2 1/2 years ago…at the beginning of a season of deep, deep pain, God set a little light in my life, in my home. He saved me in ways that words don’t encompass. And this past November, four days before Thanksgiving, he was taken away from me. Abruptly. ..with no time to adjust or process. He was taken to strangers and left to assimilate on his own…with nothing and no one familiar. We did what we could, not knowing who these strangers were, or if they were good. Four days ago, a judge ruled against me. She decided that everything I had done and been to that sweet light was nothing in the eyes of the law. She decided I was just a grandma. But I know differently. I saved him. And he saved me. And someday he will know that I fought for him.
So where do I go from here…when yet again, everything I pictured for my future was blown to bits in a matter of seconds?
First, I grieve. I am beginning the process of walking out the excruciating pain of what has been done to him. To me. To his Auntie Bug. To his Opa. To his sweet Jill. To our whole family.
Second, I build relationship with these strangers….because they are truly, truly good. I long for them to be family, no longer strangers. They are not who I believed them to be. They love our little man. And it is good for him to be part of their family now.

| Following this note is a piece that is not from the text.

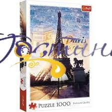 Пазли на 1000 елементів із красивим зображенням у вигляді колажу міста Париж на світанку. У складеному вигляді розмір картинки становить 68х48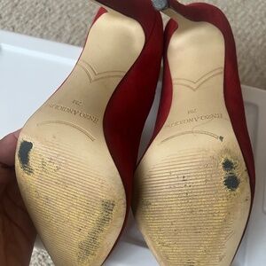 Size 7 red suede pointy heel 4 inches used twice minor scuffs comes with clear bin

And finally, I learn to be a regular grandma. My heart doesn’t want to be regular, normal, typical. My heart wants my boy like he’s always been. With me. In my home. In his bed every night. But I see now, that he will not have to grow up wondering why all his friends’ parents are so much younger. He will not have to wonder why he doesn’t have a dad. He will have a regular grandma and grandpa, his Oma and Opa.

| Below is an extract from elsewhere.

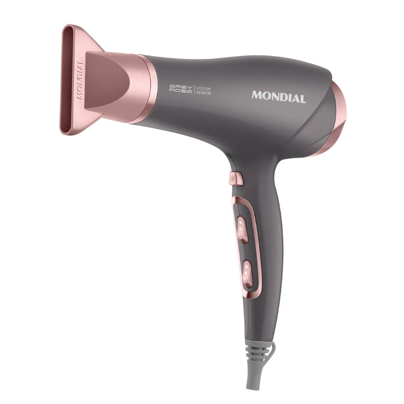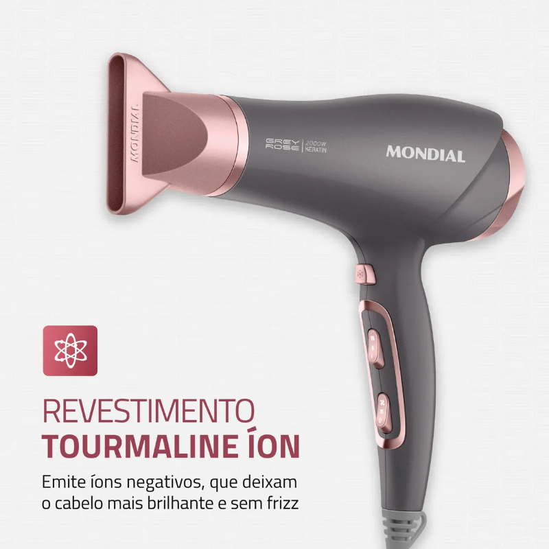 O secador de cabelo Grey Rose Keratin SCN-11 da Mondial tem um design moderno e protege seus fios durante a secagem. Incrível, né? Isso porque ele possui o Keratin Technology, a tecnologia com queratina que garante uma secagem saudável, realça o brilho e reduz o frizz. Além disso, ele também tem revestimento com Tourmaline Íon e sela a cutícula dos fios, deixando-os mais disciplinados e macios. Saiba mais sobre o SCN-11 da Mondial: KERATIN TECHNOLOGY O revestimento cerâmico com queratina promove maior proteção aos fios durante a secagem. A tecnologia garante uma secagem saudável, realça o brilho e reduz o frizz. REVESTIMENTO COM TOURMALINE ÍON Libera íons negativos, que selam as cutículas dos fios, deixando-os disciplinados, macios e com brilho intenso. POTÊNCIA: 2.000W Alta potência para uma secagem rápida e eficiente. 3 TEMPERATURAS + 2 VELOCIDADES Alterne entre as variações de velocidade e temperatura para uma secagem mais adequada aos diferentes tipos de cabelo. JATO DE AR FRIO O choque de temperatura no final da secagem reduz o frizz e ajuda a fixar a modelagem. BOCAL DIRECIONADOR Concentra e direciona o fluxo de ar, proporcionando mais precisão e facilidade para modelar os fios. GRADE TRASEIRA REMOVÍVEL Facilita a limpeza e aumenta a vida útil do secador de cabelo. CABO DE 1,8 METROS O cabo-plugue tem 1,8 metros de comprimento, garantindo mais autonomia de movimento. A Mondial é a escolha de milhões de consumidores. Mondial, a escolha inteligente!"

I will not live in bitterness. I refuse to be a victim. I will choose forgiveness. I just need some time to find my way.
I know in my heart that Asher will never have just a regular place inside of me. He will not ever be just a grandson. He was the boy I was scared to raise but who became like a son. I appreciated every cry, every tantrum, every sleepless night with him in a way I never understood with my first four. I was terrified to try again….but I said yes….and I don’t regret a single day. And I never will.
Oma loves you sweet boy…..and now I will teach you how to Rise.